The next reign will introduce us to the stronger and more prominent personality of the Empress Justina and other Empresses of some interest. The hum of intrigue had arisen again in the camp, and the struggle of Christian and pagan was resumed. The choice of the army at length307 fell once more on an officer whose chief distinction was that he had a large and handsome person, and had had an energetic father. Valentinian had been an officer in Julian’s guards, and had one day, as he attended the Emperor at sacrifice, cuffed the priest for dropping some of the lustral water on his coat. Julian banished him for this violent desecration of his cult, but, though the more lively writers of the time promptly dispatch him to remote and contradictory regions, even Tillemont doubts if the sentence was carried out. It is probable that Julian had merely dismissed him from the body-guard, as we find him in the army at the time of Julian’s death. With two other officers he was sent by Jovian to secure the allegiance of the troops in the West. One legion, devoted to the memory of Julian, rebelled, and Valentinian had to fly for his life. He returned to the East, and resumed his post in the army, as it trailed some miles in the rear of the retreating Emperor. And in the middle of February (364) he was amazed to learn that Jovian had died, after a too liberal supper, and he himself was called to the throne. He was compelled by the troops to share the power with his brother Valens, and, leaving the shorn Eastern provinces under the care of Valens, he went on to Milan to take possession of the Western throne.
Valeria Severa,29 the first wife of Valentinian, is one of those shadowy Empresses whose form can hardly be discerned in the records of the time.

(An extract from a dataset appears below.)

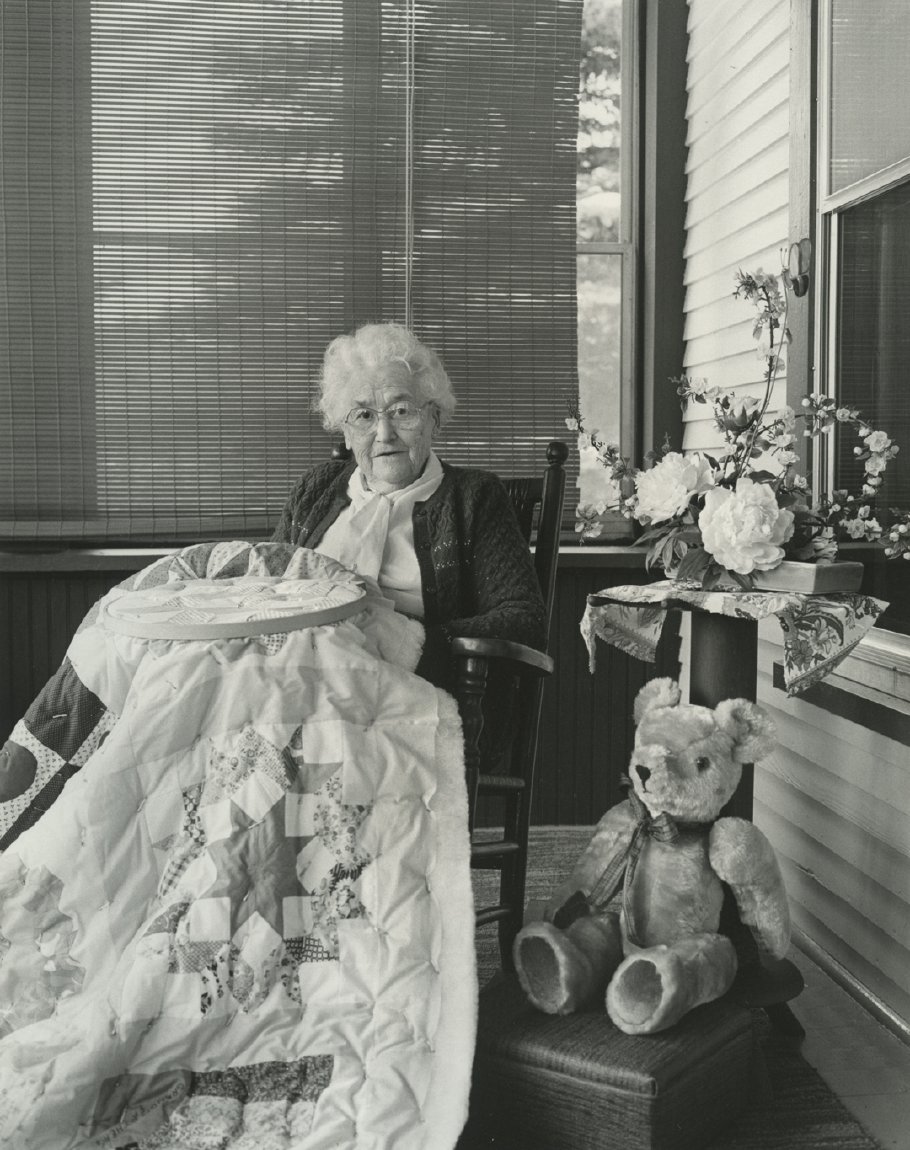 Pauline Newell was known for her quilts, often donating her work for charitable causes in and around her Paul Smiths community. Photographer Mathias Oppersdorf's portrait shows her at work, accompanied by a favorite Teddy bear, on her porch.

She had borne him a son, the future Emperor Gratian, five years before, but she does not seem to have secured his affection, and we shall find her retiring in disgrace as soon as the beautiful Justina appears at court. Albia Dominica, the wife of Valens, is not more interesting, but an Empress whom we have dismissed in a former chapter at once reappears at Constantinople in opposition to her.
Before they separated Valens and Valentinian had fallen308 ill together, and, under the pretence that Julian’s friends had attempted to poison them, they turned with some vindictiveness upon the pagan officials. The aged and respected Sallust firmly controlled the inquiry, and no blood was shed; but large numbers of Julian’s officials were displaced—in many cases quite rightly, as Julian’s zeal for paganism had had the same evil effect in encouraging hypocrisy as the zeal of other Emperors for Christianity—and driven into sullen discontent. Further, Dominica’s father, Petronius, a deformed and repulsive person, had risen to power with his daughter, and was grinding the faces of the citizens of the East with the most extortionate demands. A spark soon fell on this inflammable world. Procopius, a relative of Julian’s, had published a very hazy claim to the Empire after Julian’s death. He had hastily withdrawn and disowned it, but Valens sent men to apprehend him. Ingeniously escaping the soldiers, he fled to Constantinople, and seems there to have fallen into the hands of abler intriguers. Two legions were bought for him, and they made him Emperor. There was no purple mantle to be obtained, so they clothed him in a stagy tunic bespangled with gold, put purple shoes on his feet and a piece of purple cloth in his hand, and conducted him, amid the amazed and derisive spectators, to the Senate and the Palace.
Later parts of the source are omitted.